The Storyworld

 


If you think about it, a story is a dimensional cage where characters created by the author are trapped. Their ignorance that they are some systematic words put in between the lines is what holds the trap, dimensionally speaking, altogether.

As so, when the characters become finally aware of what their lives have been for the years is a moment of misery. The feelings, the actions, the desires, the intentions, and the flow of character are some word(y) nonsense marketing the reader’s attention. Who’s the reader? Who’s the author? At this point, this does not matter because if you think about it, life at this point is a dilemma of no choice.

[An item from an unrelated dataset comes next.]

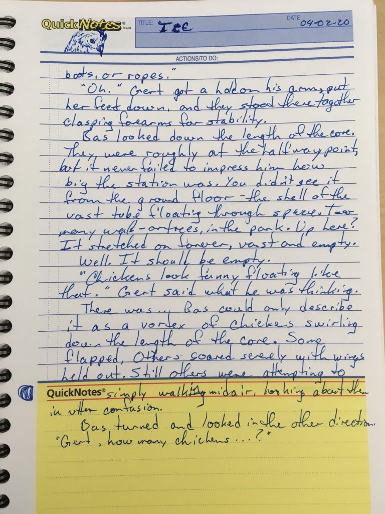 I can read my own writing, at least. Which is good, because recently I’ve been doing a fair amount of writing longhand into a lined notebook. It’s not that my muse insisted. No, it’s that I have been bored out of my mind, and it was sit and stare at the wall, or I could write. Writing on my phone would not be a good optic (and my phone battery is dying, to my annoyance since it’s not one that can be replaced easily) so a small notebook is the option. And as I type up my efforts in the evening I realized something about writing longhand. It forces me into writing shorter. Not necessarily short stories – although most of what I’ve produced in the last month have been a short, and then a children’s chapter book (still in progress. Yes, I am finally writing a children’s book! No, this one hasn’t got dragons).

You are either forced to be a protagonist in a story you never really liked, an antagonist who is not necessarily living up to a villain’s career, or some side character left to complete the system or, in our case, the plot.

Imagine a world connecting at its core to this idea, a world of the millions of stories ever written all connected; a storyworld beyond our world’s limitations. But if that is true for all cases and every author is a master of their story, what happens to unfinished works?

Well, unfinished books are not left to an open ending for sure. They are more miserable. They don’t have an ending at all, even a built-in one. Take Edwin Drood, for example; Dickins’s last unfinished novel’s protagonist, whose writer died before completing his book. From Dickins’s first point of view, this is a story of an end that nobody knows but him. From Edwin’s second point of view, this is a life he woke up living without any choice whether to exist or not. From the reader’s third point of view, this is irrelevant; it’s not their life.

At least this won’t stay irrelevant to you, reader. After all, who told you that you are a reader? Within and within, beyond and beyond, the storyworld isn’t always fair, but does Edwin Drood seem to care?